I've been with my boyfriend for 8 years, since I was 18.
In December he told me he was unhappy, he felt like I didn't show him enough affection. Which is true really, I do struggle with physical affection but I've always tried to make up for it in other ways. Like my way of showing my love is to take care of him by cooking nice meals, giving him little gifts etc. Sometimes I think he is too needy, he constantly says I love you (often upwards of 5+ times a day) and if I don't say it back right away he views it as a rejection. Same if I don't want to hold hands or let him cuddle me. Like my favourite thing to do is lie in bed together, not touching, just talking or reading but he always wants drape himself over me or tangle our legs together and while I enjoy that sometimes it can be too much at other times. So I've been trying to be more affectionate and it's genuinely been nice but it is a struggle and sometimes I feel suffocated and need alone time.
Recently he has started to really focus on his appearance, dressing nicely, going to the gym etc. At first I thought he might have been feeling a bit inspired by me since I've been attempting to lose weight and make an effort with the way I look but it doesn't feel like it.
These days I am not a jealous or insecure person but I used to be. He was my first (and only) boyfriend and for the first year of our relationship when I was 18-19 I was quite badly behaved. Very jealous, insecure, no confidence or self-esteem. But I have not been like that for the past 6 years though he still sometimes acts as if I am. Before he goes out he will sometimes say stuff like "Don't worry, I'm not gonna cheat on you" but I always laughed it off because I trusted him 100%.
The other day I was using his phone to text my sister (no credit on mine, I often use his since he has a contract) and I saved a message to drafts. Later when I went back to find it I saw there were other draft/unsent messages to another woman, including a couple from that day, saying things like "You look so pretty" and "I will do anything to cheer you up". So I went snooping (I know, I know...). The thread of actually sent messages had been deleted. If he was just texting a friend why bother deleting the thread? Now he's done things like this in the past, messaging girls kinda flirty things and he's admitted that he likes the attention. I thought we had worked through it, and hadn't thought about it in years, but obviously not.
He did it back in August too. I saw he had been messaging a girl he used to be FWB with and deleting the messages. He said they were just catching up after not speaking for several years and he only deleted them because he didn't want me to get upset if I saw them. I just said I don't care who he's friends with and if they were just catching up why hide it? I have never ever tried to come between him and his friends. He made me feel like I was being an unreasonable bitch, all silly and petty, but I let it go. I thought maybe he was still worried I'd revert back to my silly teenage behaviour even though at the point I was 25 and hadn't acted like that in years!
Now he's not secretive with his phone, he often lets me use it, doesn't hide it or anything.

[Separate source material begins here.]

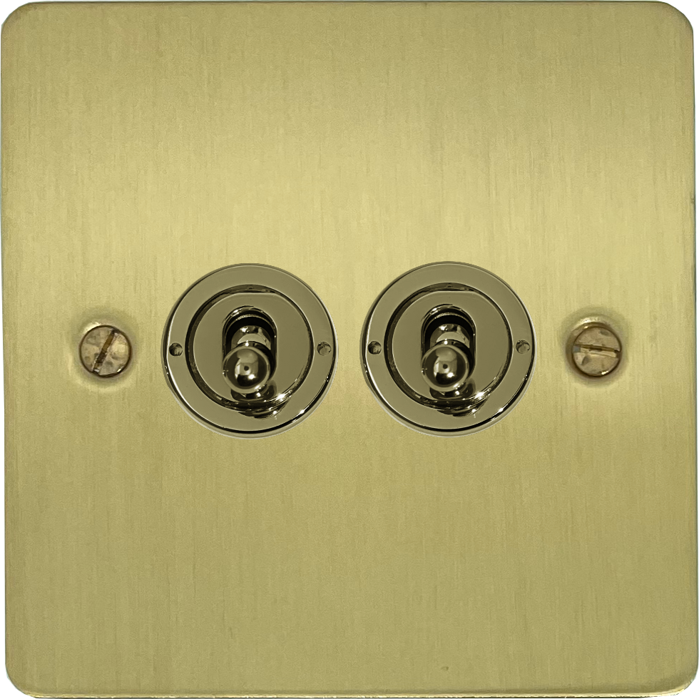 Flat Satin Brass Toggle Switch (2 Gang) - G+H FSB382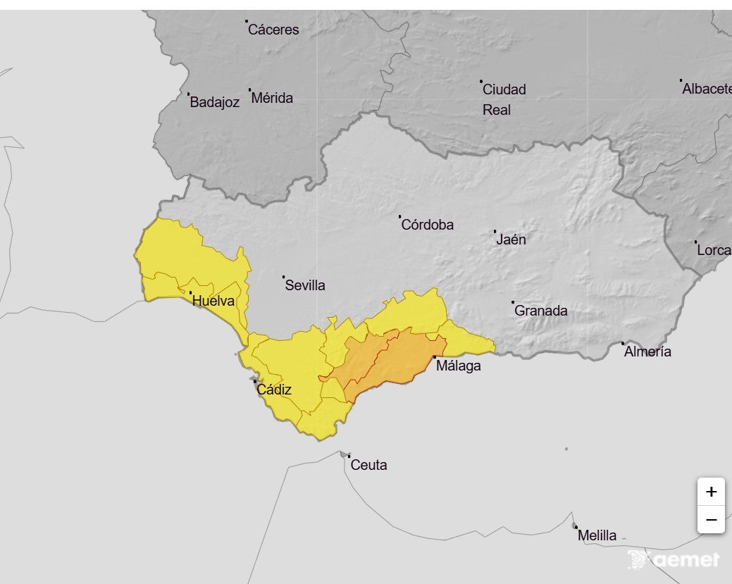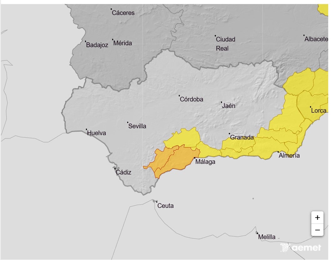 La Aemet activa el aviso naranja y amarillo para hoy sábado y mañana domingo en estas zonas de la provincia malagueña. Estas precipitaciones pueden venir acompañadas de tormentas.

So I'm mostly sure that I'm just being an idiot but there's a part of me that believes he is at least planning to cheat if he hasn't already and I don't know what to do. Do I let it go? Do I confront him? If so, how? I fear if I just ask him about it he will brush me off and make me feel like an idiot.
I've just recently stopped taking my antidepressants and I was feeling normal until this and now I can feel myself unraveling slightly & I feel worried. I've got no one else. No friends. Can't talk to my sister about this.
I'm sorry this is so long and rambley and so stupid compared to other issues that get posted here but I just need some advice or reassurance or a kick because I'm being an idiot.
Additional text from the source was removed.